All of the listing, from first line to last, should be output exactly; the pictures stay out.

DATASET EXCERPT:
──────────
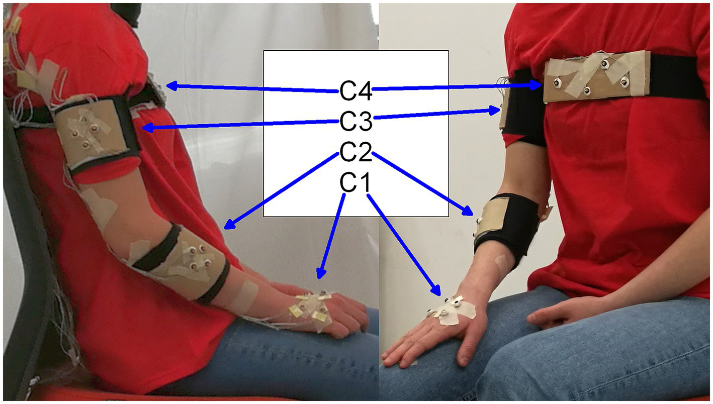 The multimodal data were recorded using the NDI Optotrack Certus system, and 2 webcams (one frontal and one lateral). The motion capture system (3D positional data, at 100fps) and the video recording (1920 × 1,080 at 30fps) were synchronized using YARP platform. The synchronized data playback was realized with the freely available EyesWeb software (Volpe et al., 2016). During the execution of each action, the 3D positions of 16 markers were recorded. Specifically, markers were assembled into four rigid bodies placed close to the wrist, elbow, shoulder, and on the torso of each actor (Figure 2). Two additional markers were used to refer to the table placed in front of the actor.
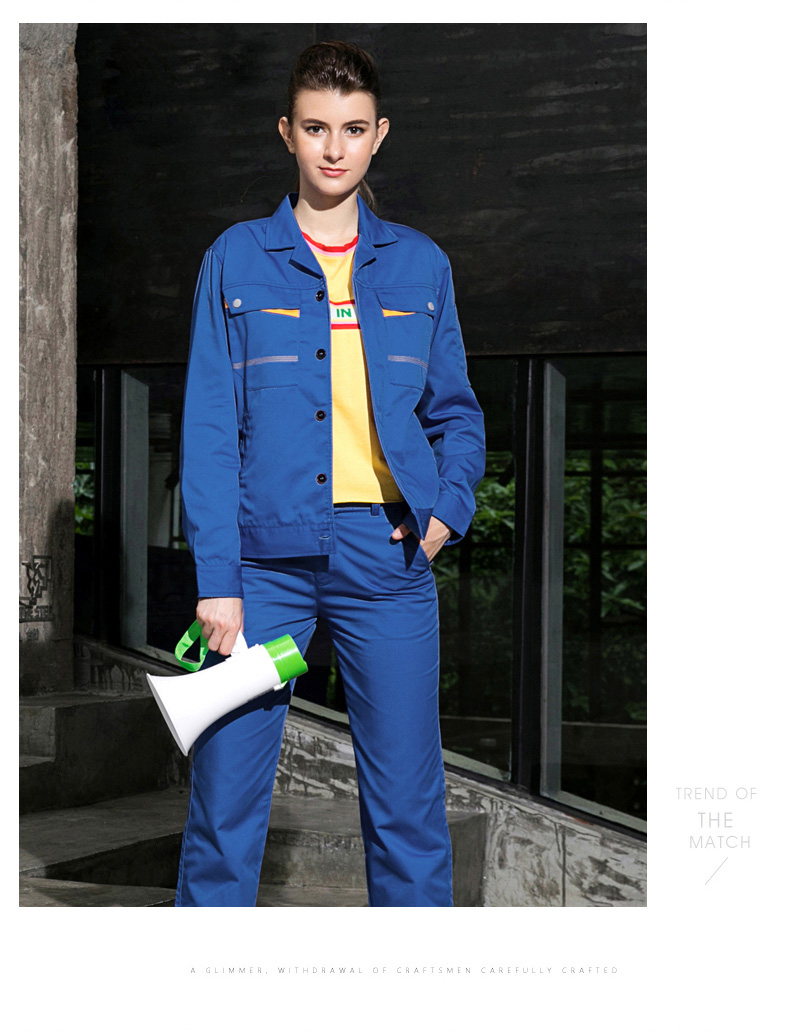 重庆涤棉细斜纹深蓝枣红插色短袖反光条工作服
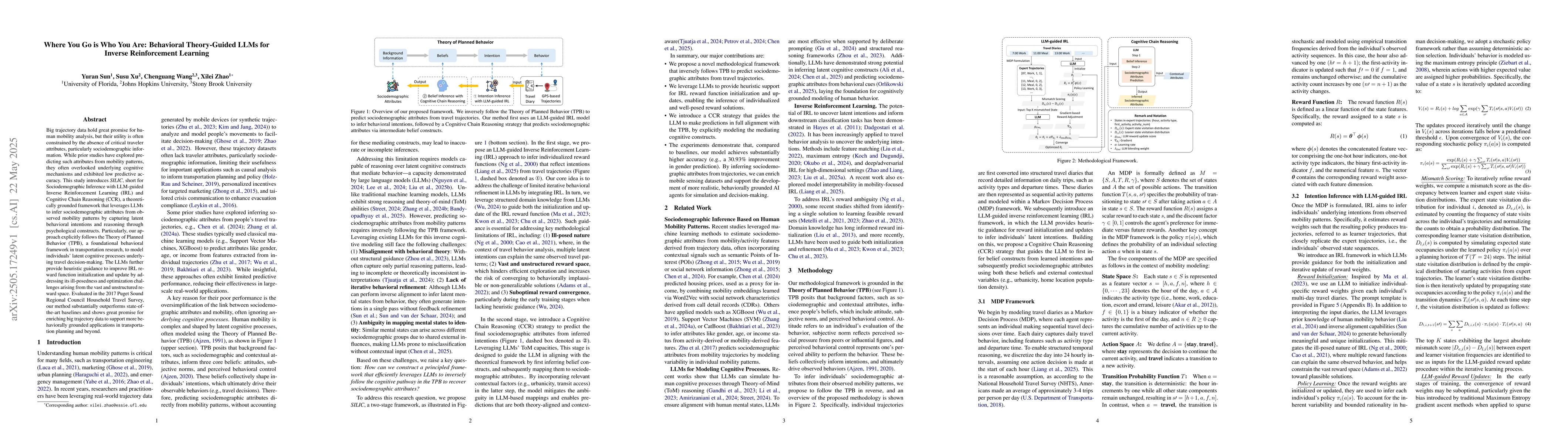SILIC distinguishes itself by explicitly modeling latent cognitive processes underlying travel decisions using TPB, and by employing LLMs to enhance IRL through heuristic guidance.
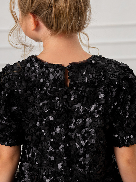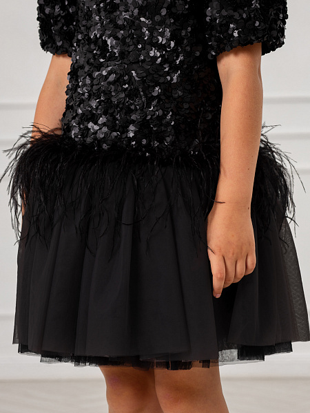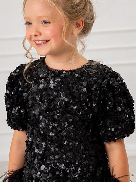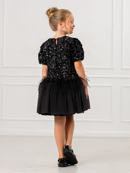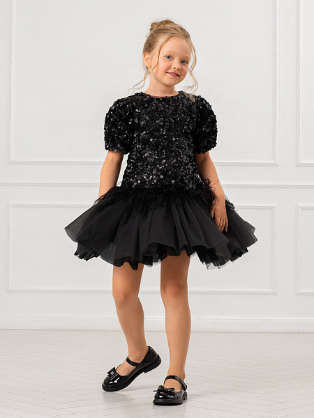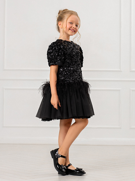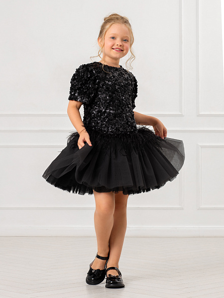 Нарядное платье длядевочки в благородном черном цвете. Модель привлекает внимание блестящей отделкой из пайеток, которые красиво переливаются при движении. Изящный А-силуэт и романтичные рукава-фонарики создают элегантный образ. Особую изюминку платью придаёт нижняя часть юбки из лёгкой сетки с изящными перьями. Комфортная посадка обеспечивается удобной застёжкой-молнией на спинке. Сочетание материалов делает платье практичным: верх выполнен из прочного 100% полиэстера, а внутренняя подкладка — из мягкого хлопка, который приятен к телу. Это платье станет идеальным выбором для праздников, утренников и других торжественных мероприятий. В нём ваша малышка будет чувствовать себя настоящей принцессой!
──────────
ANSWER TO THE PROBLEM:
 The multimodal data were recorded using the NDI Optotrack Certus system, and 2 webcams (one frontal and one lateral). The motion capture system (3D positional data, at 100fps) and the video recording (1920 × 1,080 at 30fps) were synchronized using YARP platform. The synchronized data playback was realized with the freely available EyesWeb software (Volpe et al., 2016). During the execution of each action, the 3D positions of 16 markers were recorded. Specifically, markers were assembled into four rigid bodies placed close to the wrist, elbow, shoulder, and on the torso of each actor (Figure 2). Two additional markers were used to refer to the table placed in front of the actor.
 重庆涤棉细斜纹深蓝枣红插色短袖反光条工作服
SILIC distinguishes itself by explicitly modeling latent cognitive processes underlying travel decisions using TPB, and by employing LLMs to enhance IRL through heuristic guidance.
 Нарядное платье длядевочки в благородном черном цвете. Модель привлекает внимание блестящей отделкой из пайеток, которые красиво переливаются при движении. Изящный А-силуэт и романтичные рукава-фонарики создают элегантный образ. Особую изюминку платью придаёт нижняя часть юбки из лёгкой сетки с изящными перьями. Комфортная посадка обеспечивается удобной застёжкой-молнией на спинке. Сочетание материалов делает платье практичным: верх выполнен из прочного 100% полиэстера, а внутренняя подкладка — из мягкого хлопка, который приятен к телу. Это платье станет идеальным выбором для праздников, утренников и других торжественных мероприятий. В нём ваша малышка будет чувствовать себя настоящей принцессой!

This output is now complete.